イカがヒラヒラと漂う様が最高のアピールになるという。
「底から15mくらいに反応があります」
初めて当地でアカムツ釣りをした人の大半が驚くのが、この高めのタナを狙うスタイル。
船長によれば、普段は底から5mほどの範囲を狙うことが多いそうだが、深夜に操業する延縄漁では夜間にエサを求めて海面から80~100m付近に浮いてくるアカムツを狙っており、ダイナミックに深浅移動する群れは日中も底付近の宙層に漂うエサを追い、底から20mくらいで釣れることも珍しくないという。
なおポイントの海底には船長が海藻と呼ぶ深海サンゴのヤギ類などが生えており、アカムツは普段その周囲や茂みに着いてエサを捕食しているとか、
釣れた魚の胃袋の中身を出すと、オキアミやサクラエビ、アマエビの仲間、ユムシ、10㎝ほどのアナゴなどの小魚が入っているそうだ。

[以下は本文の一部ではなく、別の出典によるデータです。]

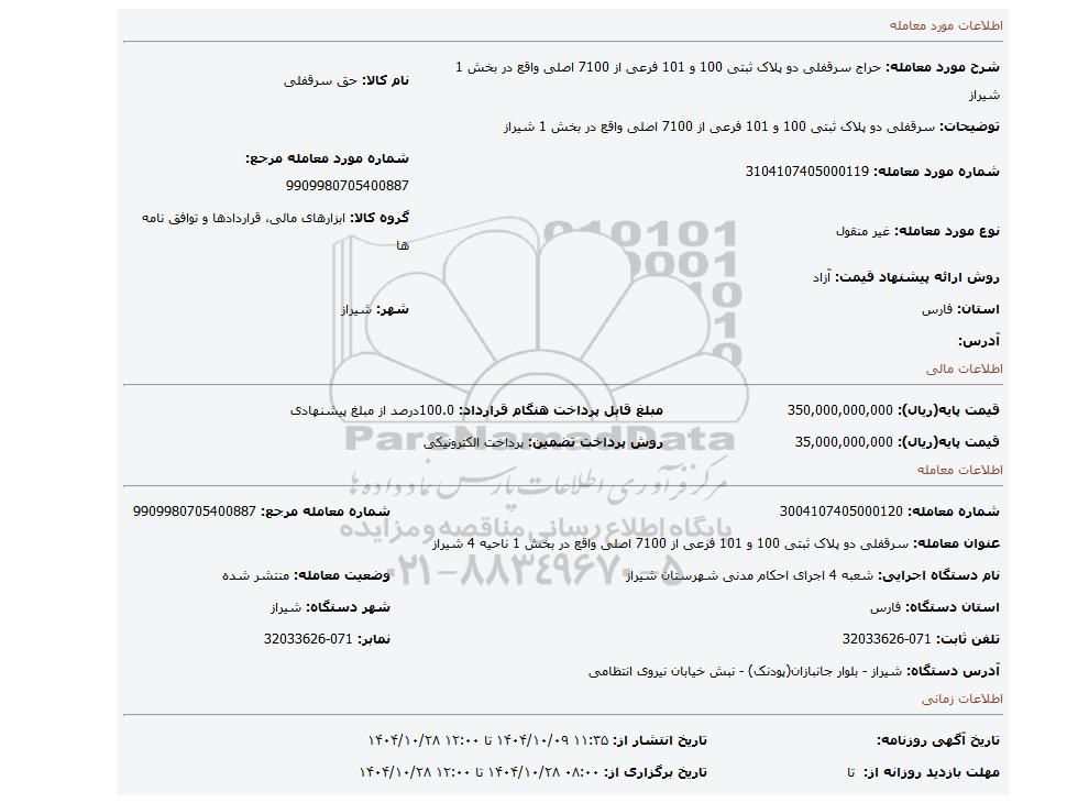 | عنوان معامله: سرقفلی دو پلاک ثبتی 100 و 101 فرعی از 7100 اصلی واقع در بخش 1 ناحیه 4 شیراز | ||
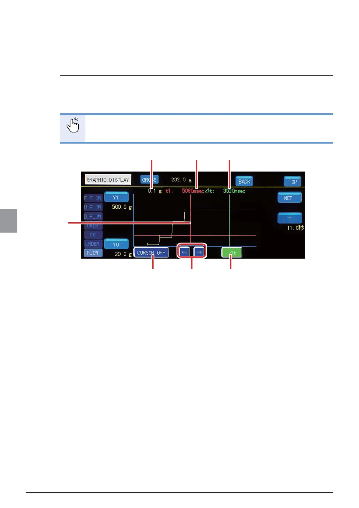 - For non-cursor related items, refer to “6.1.1. Checking the transition of weighing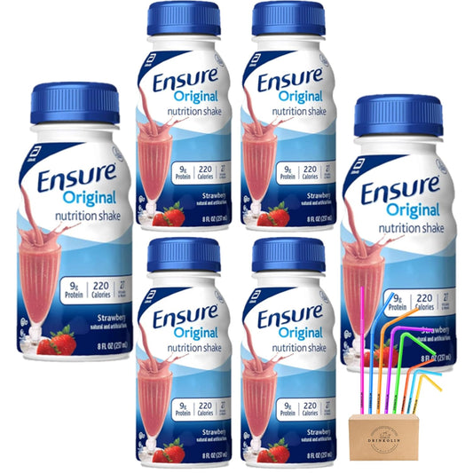 Kaxilu Strawberry Nutrition Shakes - 6 Pack With Drinkolin Straws, 8 OZ - Packed with Vitamins and Minerals for a Healthy Boost

ちなみにアカムツがエビを捕食しているときが一番よく釣れるそうで、そんなときは一つテンヤのエサでも使われる5~7㎝前後の冷凍エビが特エサになるという。
左胴の間の菅沼さんにアタリがあり、30㎝級のアカムツが取り込まれる。
釣り方を聞くと、この日は前日のシケの影響で潮が濁りタナの見当がつかないため、底から15mまで電動の微速で巻き上げて誘い、アタリがなれば再着底させて誘い上げを繰り返し、3m付近でアタリがきたとのこと。
同船では前日によく釣れたタナが分かっているときは船長が指示ダナをアナウンスするが、そうでないときは最初にアカムツを釣った人のタナを周りの人に伝えて狙うことが多いようだ。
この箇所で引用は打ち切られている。